Three little hints to help you avoid plagiarism

Here is an interesting question, with possibly an interesting answer...

At what age do children see plagiarism as wrong?

Over at Plagiarism Today I read an article about the age at which children start to know plagiarism is wrong - turns out the answer is around about 5 years of age.

One point in the article caught my attention:

"Generational Gap: It is interesting that students as young as 5 and 6 see the moral issues of plagiarism in this capacity but, according to research of college students, many seem to lose that moral qualm with plagiarism later on. Could this be a shift in thinking over generations or do many students lose that view over time?"

Plus, a recent (August 1st, 2010) New York Times article (cited in a blog post at Plagiarism Today) pointed out there is a problem with plagiarism at Universities and Colleges, and that it is wide spread. So, this does raise the question, if children as young as 5 know copying is wrong, how come students in their late-teens and early 20s think it is OK? When, where and why does this shift happen?

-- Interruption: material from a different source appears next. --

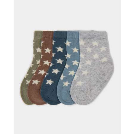 В комплекте Baby Gо пять пар носков со звёздочками для мальчика - хаки, коричневые, синие, голубые и серые.

From talking to students that have plagiarised, and talking to students that are 'sailing close to the wind' (i.e. their work shows some characteristics when scanned with TurnItIn which hint that they may be using 'unsafe' academic practice), three things are commonly mentioned, and if these could be avoided a lot of potential cases of plagiarism would fade away:

1. Time

Sounds odd, but this is often a reason put forward for copying - I didn't have the time to put it in my own words - I forgot the deadline and panicked and copied straight from X

Solution: Watch your time, don't panic and put things in your own words.

2. Citation

This is one of the most common reason given for plagiarising - but I cited (referenced) the paper

Well, citation (referencing) is not a licence to copy. The function of citation is to say from where the information came, so the reader can check the original report/data/experiments, and/or expand on their own reading. Think of references as links on a web page - that is, both take you to additional information.

Solution: Don't think that citation is a licence to copy.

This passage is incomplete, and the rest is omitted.